Problem: The History of Marcus Welby Hospital and How It Grew
Problem: The History of Marcus Welby Hospital and How It Grew*
This hypothetical serves as the basis for several of the discussion problems later in this chapter. It illustrates the profound transformations that have occurred in the health care sector over the last half century. It might be helpful in reviewing this to chart the legal measures that appear to prompt or support these organizational changes.
Marcus Welby Hospital (MWH) is a private, nonprofit 400-bed facility employing more than 2,000 workers, with more than $100 million in annual revenues. It is located on the outskirts of a metropolitan area of one million people that contains three other major tertiary care hospitals of 300 beds or more and four smaller, community hospitals of 100 to 150 beds.
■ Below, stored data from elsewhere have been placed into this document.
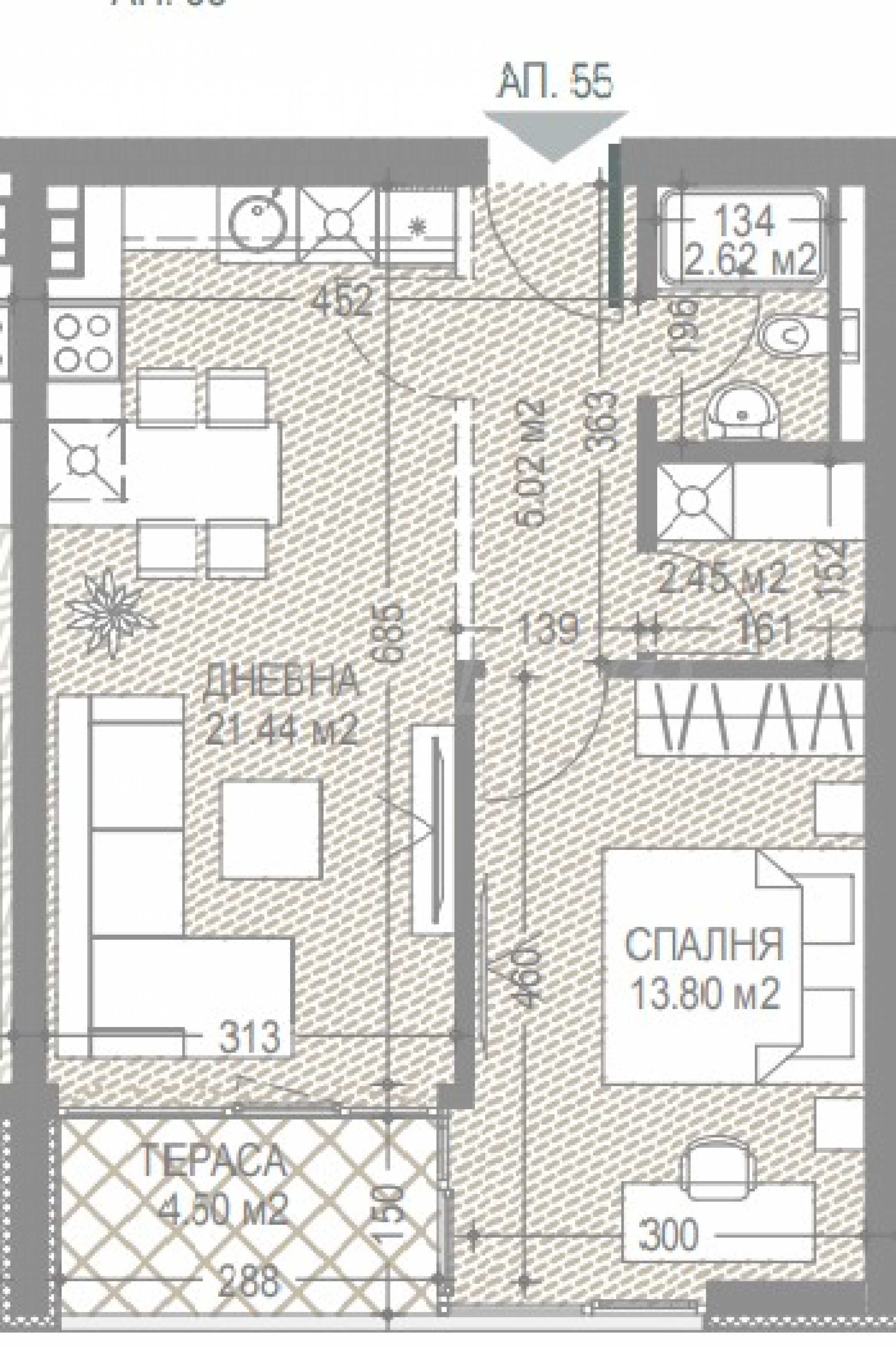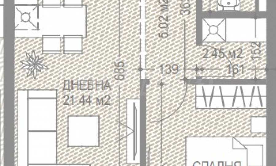 РЗП на имота: 76.54 кв.м. Жилището е разположено на 5-и жилищен етаж от 8 за сградата. Върху застроена площ от 57.85 кв.м са разпределени: дневна с кухня и трапезария, спалня, обща за двете стаи тераса, баня и мокро помещение.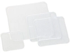 - 4er-Set Mehrweg-Frischhaltefolien: 1x klein ( 9,5 x 9,5 cm), 2x mittel (14 x 14 cm), 1x groß (19 x 19 cm)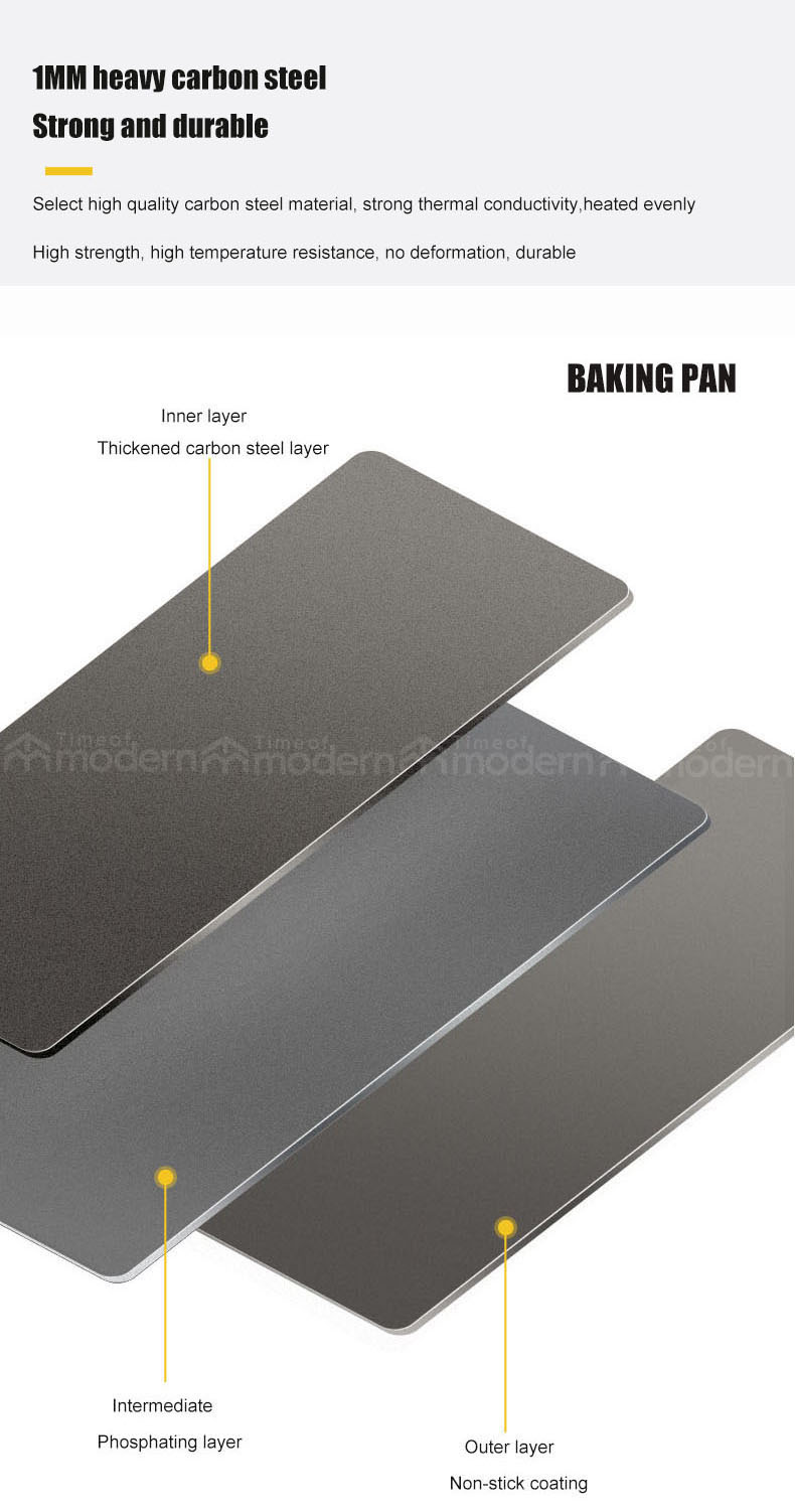 【High-Quality Heavy Duty Carbon Steel】The bread mold tray is made of carbon steel, which has excellent thermal conductivity, high strength, and good hardness. It can shorten the time of food baking and can be evenly baked during baking cakes, loaves of bread, etc. without the trouble of a certain part being burned or under-cooked.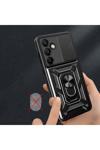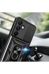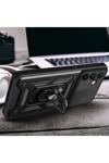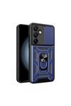 Kılıftech Galaxy S24 Fe Uyumlu Magnetik Standlı Kamera Korumalı Zore Sürgülü Vega Kapak-Mavi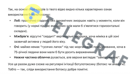 За словами ШІ, президент-втікач дійсно може часто навідуватись до косметолога і робити не тільки уколи ботоксу. На стоп-кадрах зі свіжого відео досить сильно виділяється відсутність зморщок на лобі навіть під час розмов, так званих "гусячих лапок" та наповненість обличчя.
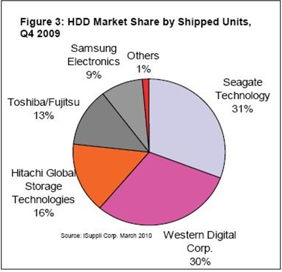 這些數(shù)據(jù)足以讓希捷2009年第四季度在硬盤出貨量和營業(yè)收入方面均繼續(xù)排名第一。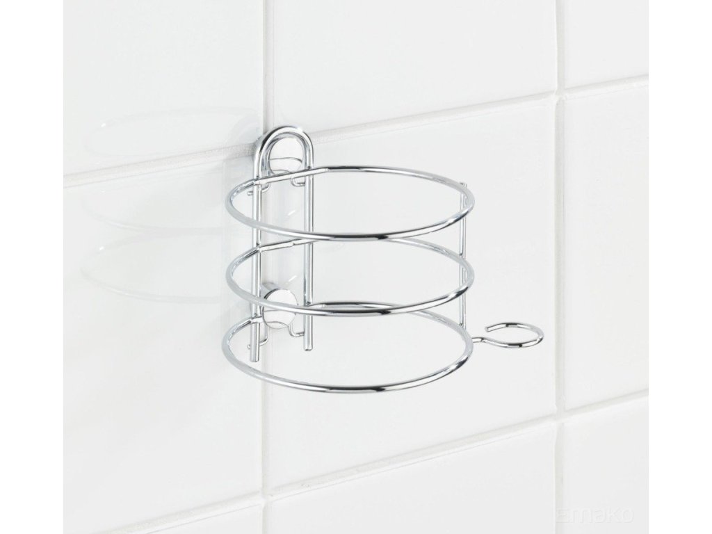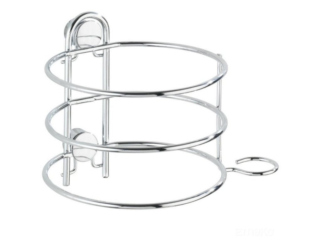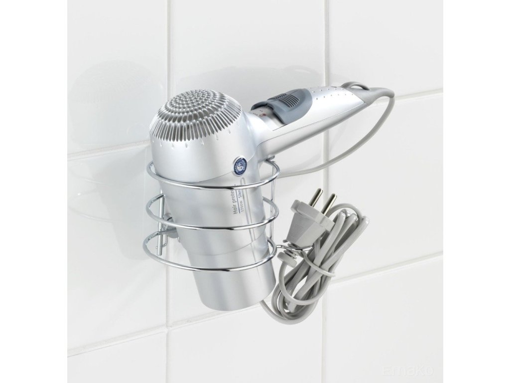 Klasický držák na fén na vlasy. Vyroben z chromované oceli. Pomůže udržet fén na snadno dostupném místě po ruce. Vybaven integrovaným držákem na kabel. Elegantní design dokonale zapadne do každé koupelny. Montáž pomocí přiložených šroubů a hmoždinek. Alternativní montáž s adaptéry Vacuum-Loc, Turbo-Loc a Power-Loc. Průměr otvoru je 9,5 cm.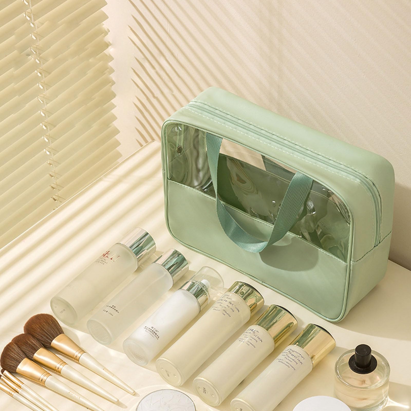 • Travel Toiletry Bag: durable Clear PVC material + PU Leather material, water resistant, sturdy quality, lightweight for daily necessities, with top handle easy to carry with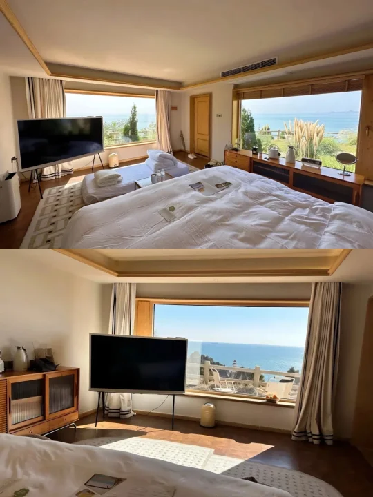 👉 重点夸夸海景房:视野绝到躺床上就能拥入无敌海景,堪称视觉盛宴!连浴缸都是面朝大海的设计,一边泡澡一边看海天一色,爽到不想出来~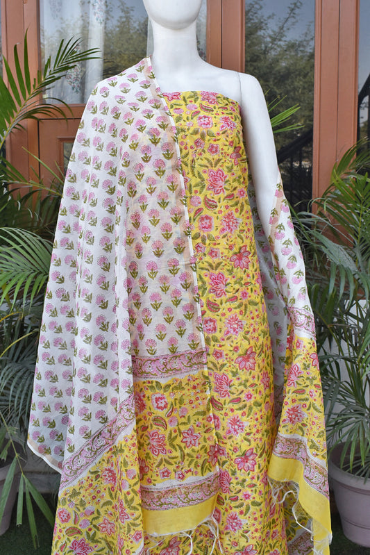 Beautiful Hand Block Printed Chanderi unstitched suit fabric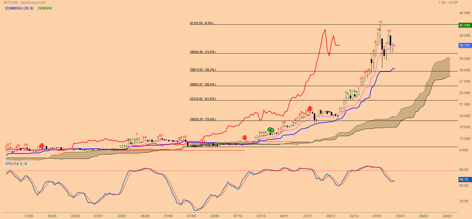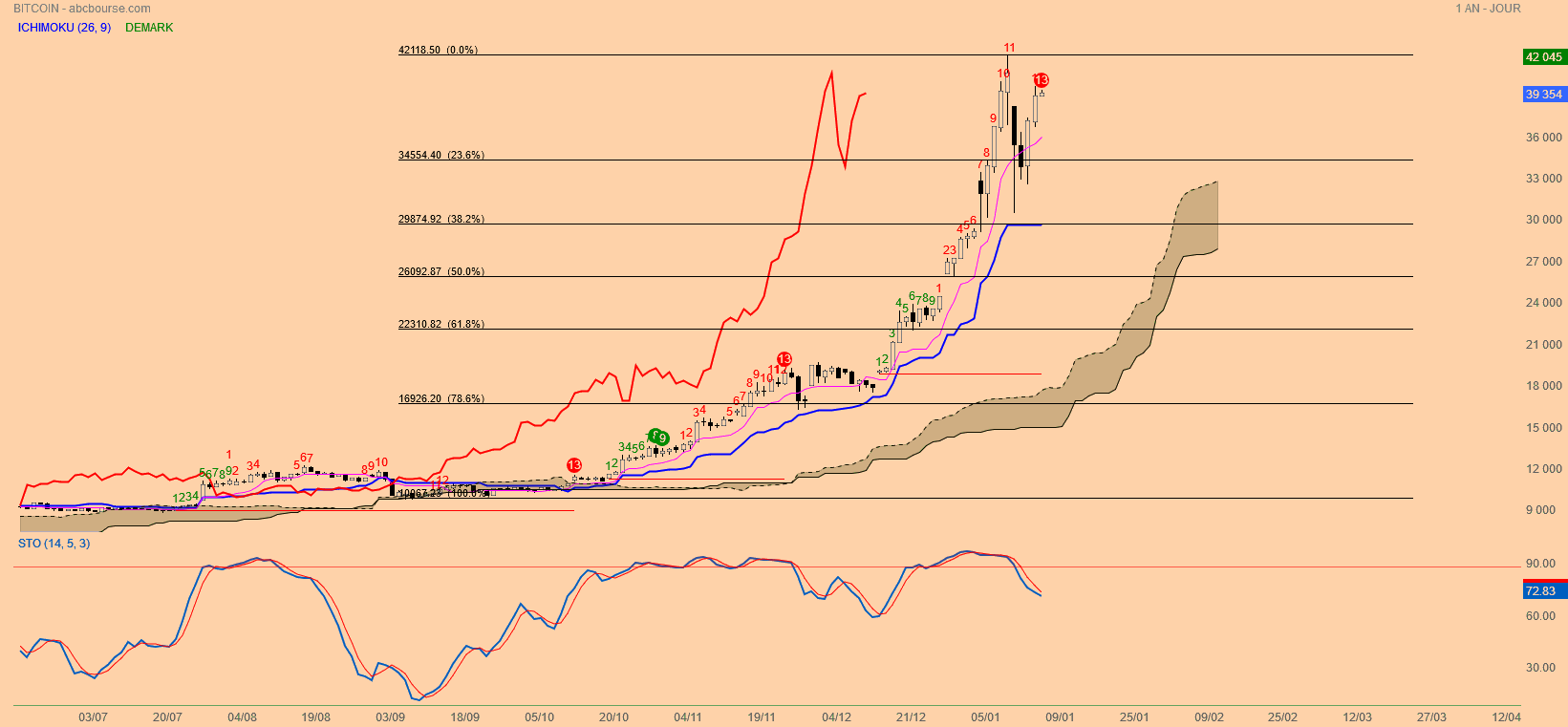 Attention les grosses mains aiment quand l'espoir est à son zénith, ils pourraient nous refaire la même, mais on a des yeux pour voir que l'on arrive sur une bougie 13 de DEMARK, sur une divergence baissière Ichimoku et une Stochastique daily qui repart dans un cycle baissier.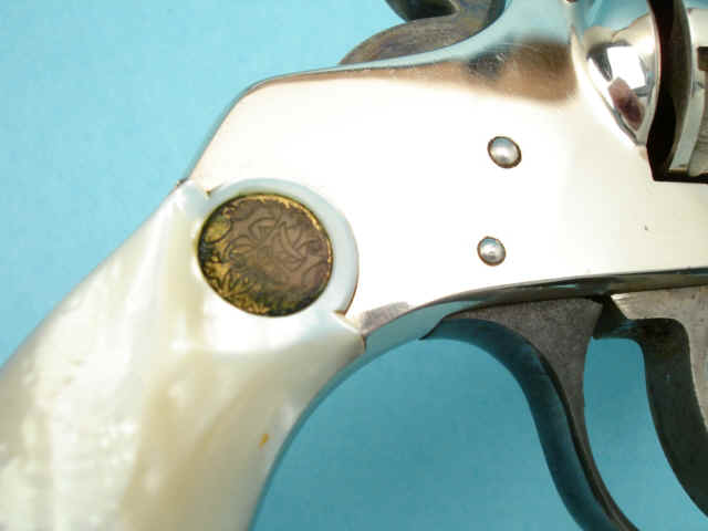 triggerguard; mother-of-pearl grips with H & A medallion inlays. Leather covered wood
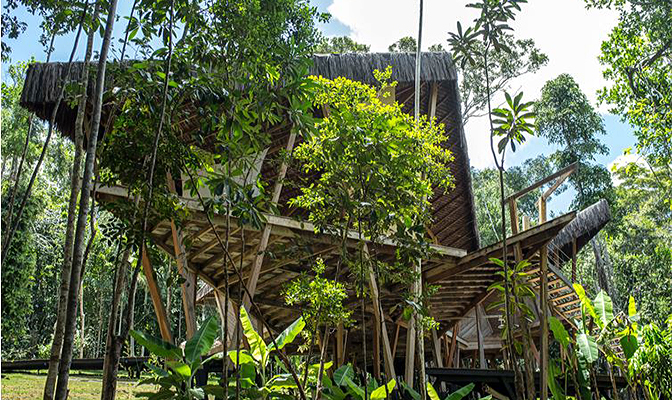 A lombház teljes egészében kézi munkával, újrahasznosított fából, cölöpökre épült. A minden oldalról nyitott “házban” biztosított a természetes légkondicionálás és hihetetlen a kilátás a dzsungelre.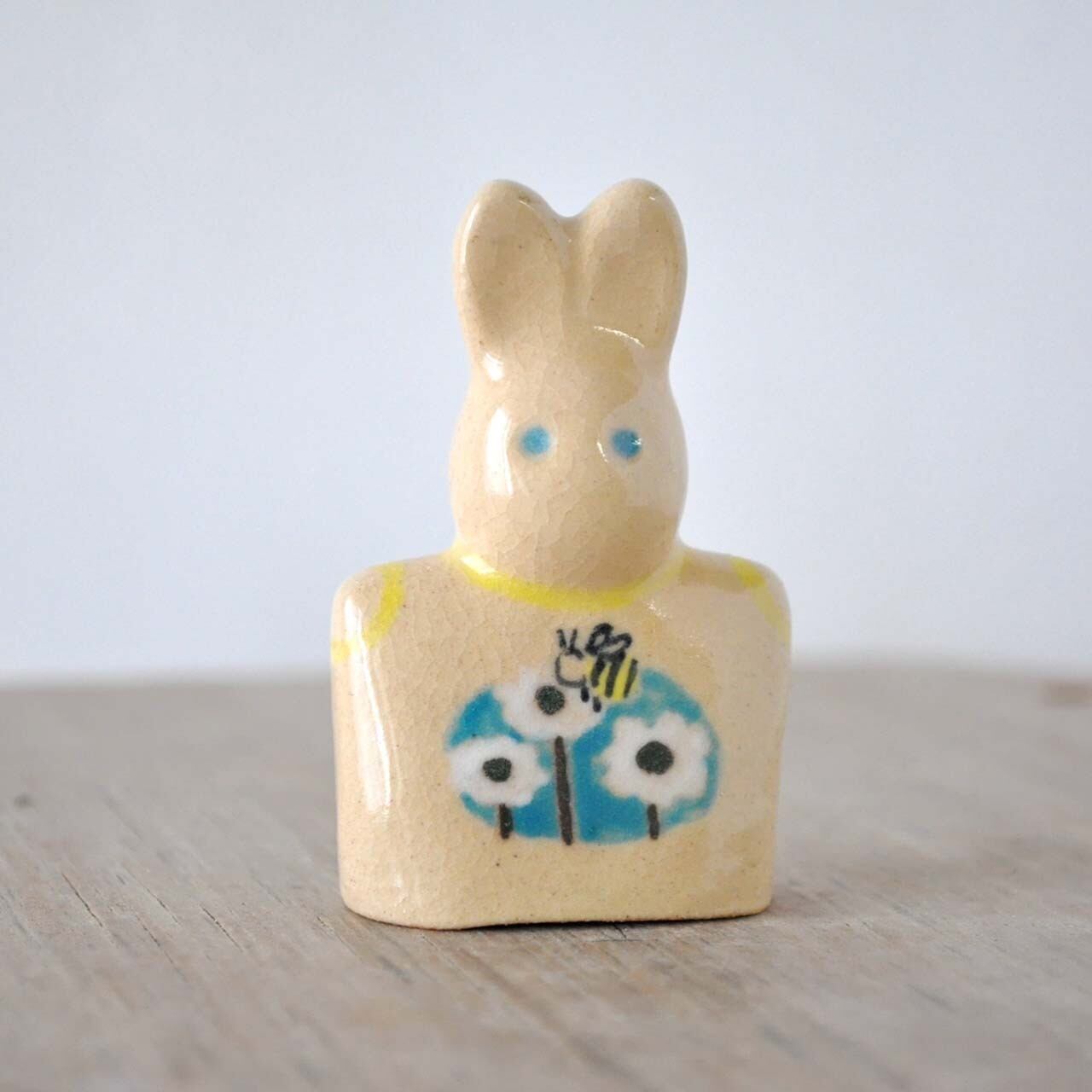 たちみみうさぎの陶製の指人形です。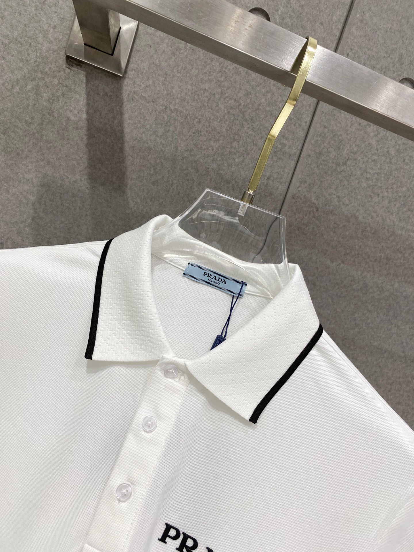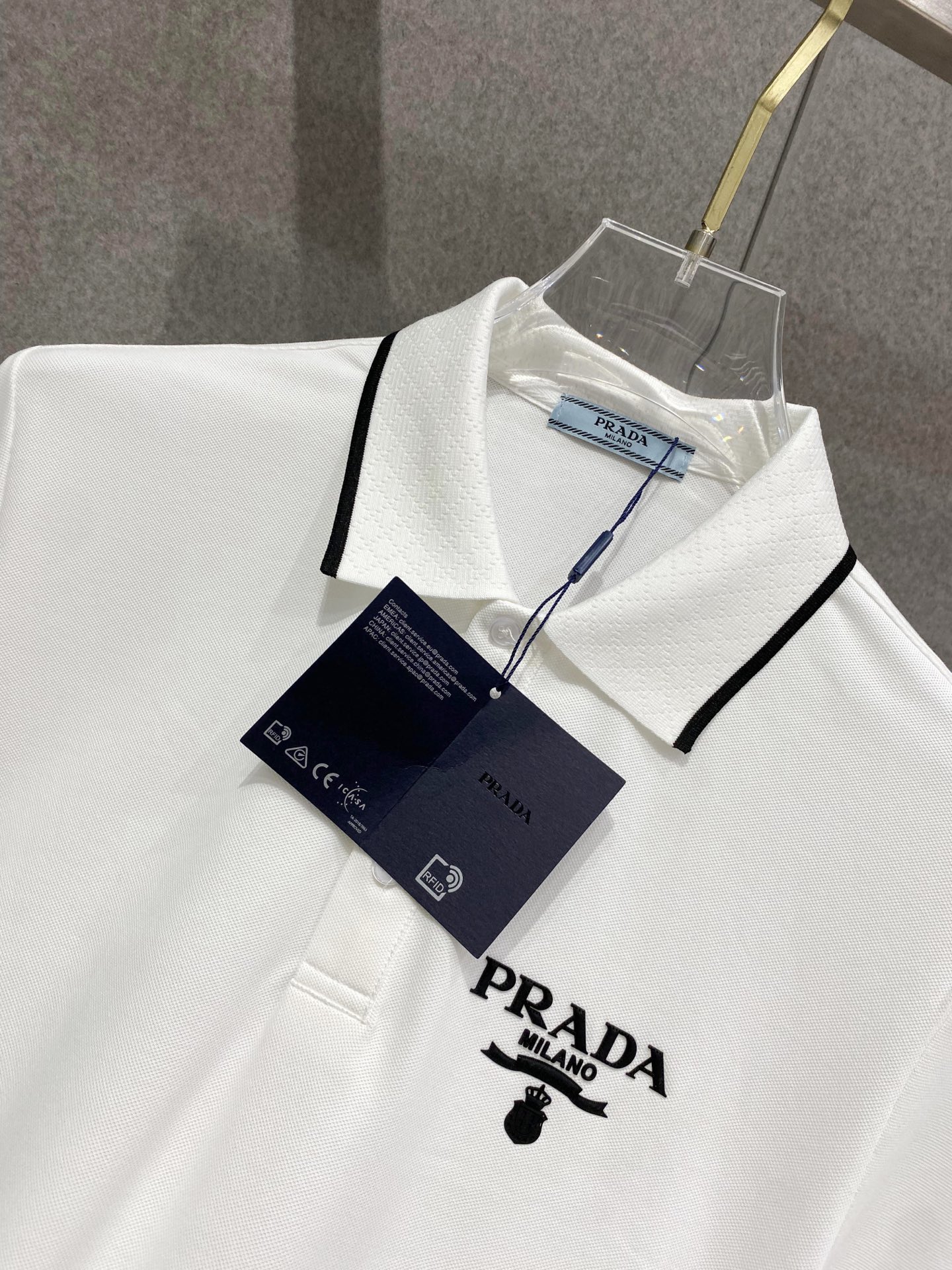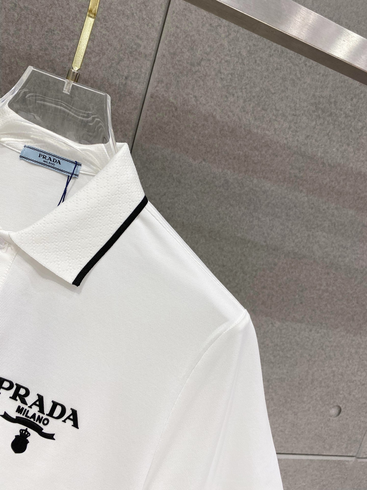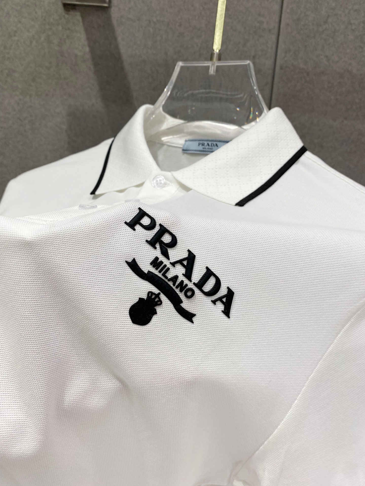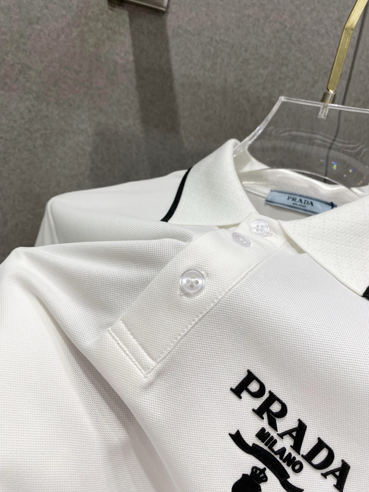 这款衣服是AAAAA 1:1 质量 (非常棒). 使用了和原版一模一样的材料. 商标部分也保持了和普拉达/Prada一样. 图片拍摄是实物衣服拍摄, 您所收到的实物保证和我们图片一模一样.

Currently, 38 percent of MWH’s gross revenues are from Medicare, 12 percent are from Medicaid, and 40 percent from private insurance or out-of-pocket payments. The remaining 10 percent is bad debt or charity care. Marcus Welby Hospital was born in the 1950s as a small community hospital. It began as an effort by persons from the local church and medical communities joining forces with local business leaders to provide convenient hospital care in the growing suburbs. When the federal Hill-Burton program created a reservoir of construction loan money in the 1950s, the group of town boosters chose to apply for a construction loan to build a 100-bed facility. Its affiliation with the religious denomination has never been formalized through ownership, and the church no longer provides any significant financial support.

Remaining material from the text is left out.